Ужасающая тишина раздвинула комнату в обратной перспективе, разделив их на своих концах оглушающей дистанции. Муттер давно ускользнул, предпочитая держаться в отдалении, занимаясь с ящиками внизу. Он не хотел иметь касательства к этой драме или страстям, стремясь только закончить работу без помех. Он тихо оставил дом, неуклюже пробравшись на цыпочках по мощеному двору.
С кончиков ее брошенных перчаток, скользящих со стола на немой ковер, бесшумно капала вода. Одна страница смятой книги превратилась в окоченевшую гримасу, страшась быть увиденной в свои последние мгновения.
Наконец она сказала:
Я буду тебя учить.
Он хрюкнул этот звук задумывался презрительным фырканьем сомнения, но с новым и непривычным голосом прозвучал схоже с кашлем, налитым мокротой.
На следующий день все еще было сыро, но без хлещущего горизонтального ветра с теплого моря, неустанно гнавшего дождь. Во время завтрака Муттер вспомнил, что должен забрать очередной ящик. Шмат хлеба потерял вкус на полупережевывании, и он простонал сквозь тающее масло. Он решил вернуться в дом немедля когда, как он знал, там не будет Гертруды.
Зигмунд запряг лошадь в двуколку, вывел из денников и через двустворчатые ворота. Отпирая их, бросил опасливый взгляд на третий этаж. Знал, что ничего не увидит в окнах; он сам плотно закрыл ставни и навесил замки, как было указано. И все равно чувствовал, как тварь размазывается по стеклу, желая омыть глаз городом.

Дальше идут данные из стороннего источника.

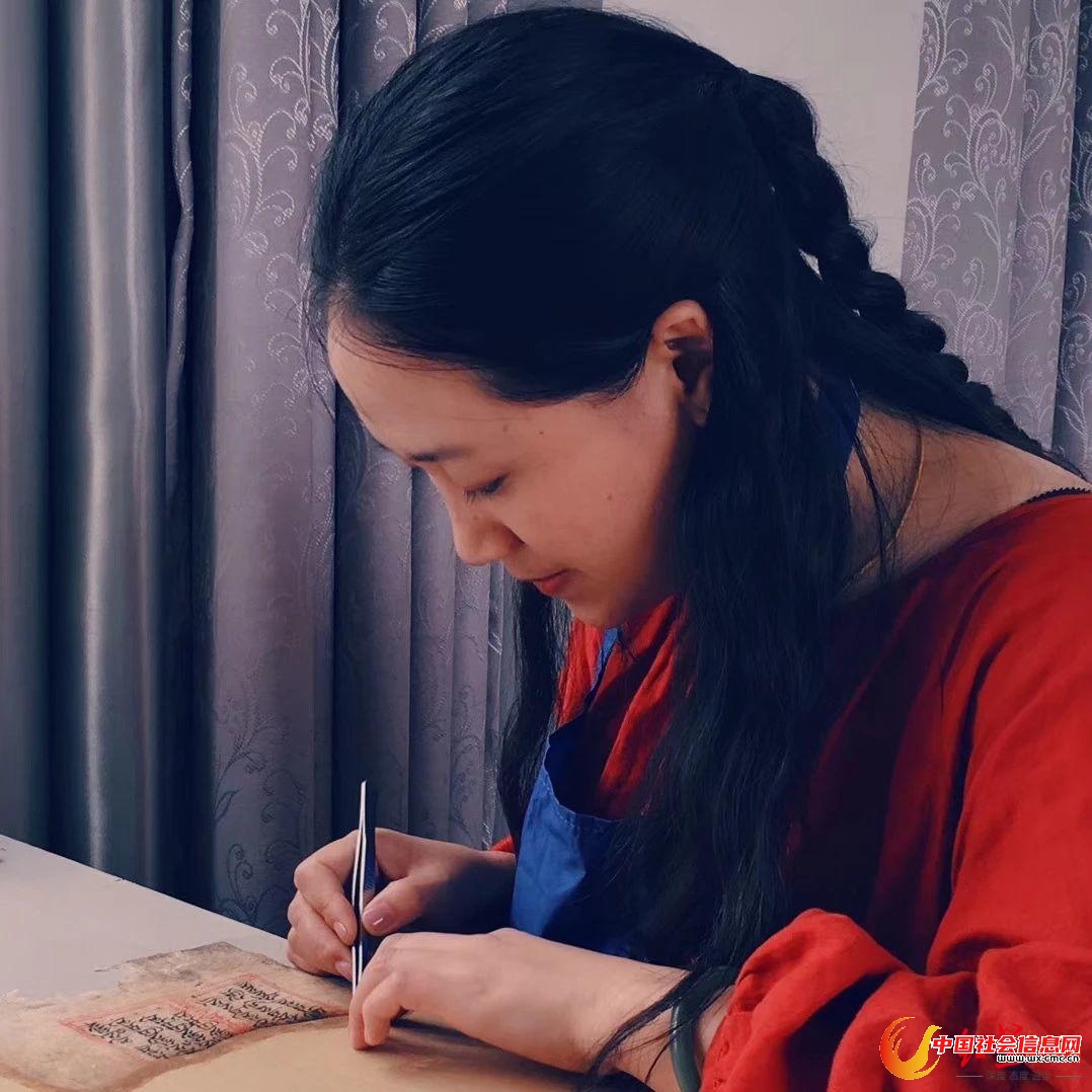 2016年,诺日卓玛来到成都,成为四川省图书馆古籍修复团队的一员。她的师傅是省级非遗代表性传承人袁东珏,给她的“入门考”是修复清道光年间的《武攸林氏族谱》。

Через сорок минут он прибыл на склад на другой стороне города. Со скрипом костей и рессор спустившись с двуколки, отпер замок больше своего сердца и в шесть раз тяжелее и распахнул ворота внутрь, втянув лошадь. Вошел на склад, волоча за собой пустой ящик. Он привык действовать механически, наслаждаясь постоянством пополнения. Никаких вопросов только обмен объектов. После драматических перемен в доме номер четыре по Кюлер-Бруннен он страшился встречи с хозяином дома. Его сочтут предателем обязанностей, вверенных семье и исполнявшихся без сомнений и обмана два поколения кряду. Неужели он все безнадежно испортил? Тут он увидел слепящую белизну конверта, прервавшего тропу между дверью и ящиками, и заподозрил, что да. Муттер запаниковал. Письма прямоугольные схемы его невежества, маленькие бумажные лезвия, угрожавшие ему всю жизнь. Муттер не умел читать, но это никогда не составляло трудности. Мир труда и мускулов, выдержки и неопределенности не требовал писем для руководства или описания его жизненной важности.
Он подобрал конверт с опаской, чтобы его не коснулся яд. Увидел паучьи чернильные следы словес на поверхности и не знал, что делать.
Затем заговорил голос:
Зигмунд Муттер, ты хороший человек, и мы тебе доверяем.
Муттер вздрогнул всем телом и ошарашенно огляделся, в удивлении и облегчении от услышанного. Голос доносился от всего склада и все же отчего-то казался личным, близким.
Семейство Муттеров было нам угодно много лет. Твой отец, ты и твои сыновья навек заслужили наше доверие. Весь ваш труд и преданность высоко ценимы. Отнеси это письмо госпоже Тульп и молчи о нашем разговоре. Ты под покровительством, и твоя семья будет обеспечена.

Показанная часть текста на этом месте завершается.